Dual magnetic behavior of Fe(III)-dioxolene complex with tri-substituted catechol

Abstract

Magnetically bistable compounds attract considerable attention due to their possible applications in molecular electronics and spintronics devices. Of special interest are spin-crossover (SCO) systems that can interconvert between the low-spin and high-spin states leading to switching the magnetic properties. Synthesis and comprehensive characterization of a family of ionic ferric-dioxolene complexes [(TPA)Fe(HO-DBCat)]ClO₄ (1), [(TPA)Fe(NO₂-DBCat)]ClO₄ (2) and [(TPA)Fe(MeOCH₂-DBCat)]ClO₄ (3) (TPA = tris(2-pyridylmethyl)amine; HO-DBCat = dianion of 4,6-di-tert-butyl-1,2,3-trihydroxybenzene, NO₂-DBCat = dianion of 4,6-di-tert-butyl-3-nitro-1,2-dihydroxybenzene and MeOCH₂-DBCat = dianion of 4,6-di-tert-butyl-3-methoxymethyl-1,2-dihydroxybenzene) are reported. Variable temperature structural, magnetic and spectral analysis revealed that compounds 1–3 undergo a thermally induced SCO in the solid state between the high-spin (S = 5/2) and low-spin (S = 1/2) states. Alternating current magnetic susceptibility measurements indicated that the nitro-substituted complex 2 shows a field supported slow magnetic relaxation in the low-spin state at 5000 Oe.
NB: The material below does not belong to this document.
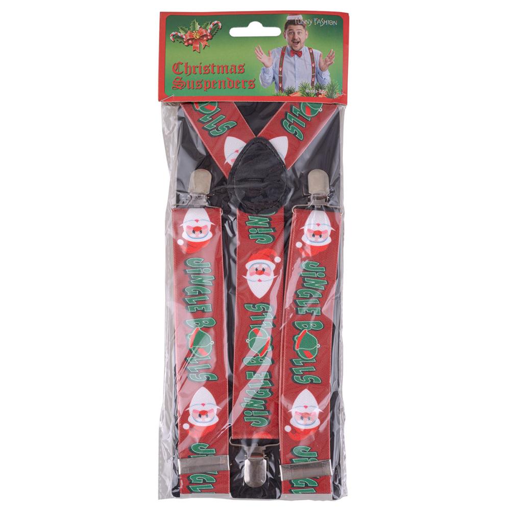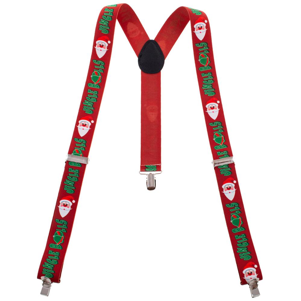 Juleseler Jingle Bells er røde justerbare seler som har sølvfarvede metalspænder og er dekoreret med nissehoveder, grønne juleklokker og teksten "JINGLE BELLS" i grønt.
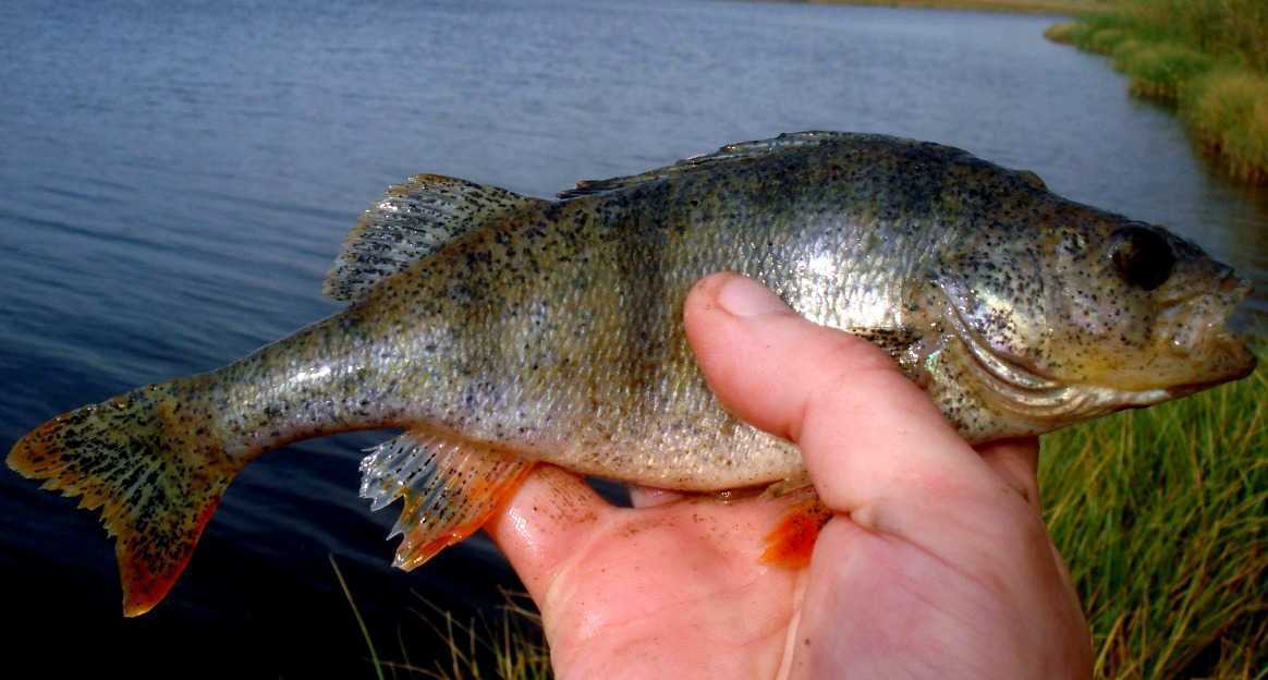 - Желтый окунь. Некрупная рыба, у которой нижние плавники и светлые полосы на боках имеют золотистый окрас.

Such duality of magnetic properties makes complex 2 the first ferric compound which demonstrates a complete S = 5/2 → S = 1/2 SCO with a single molecule magnet behavior (SMM, S = 1/2). Electronic structures and magnetic properties of 1, 2 and 3 were investigated with the aid of DFT and SA-CASSCF/NEVPT2 calculations.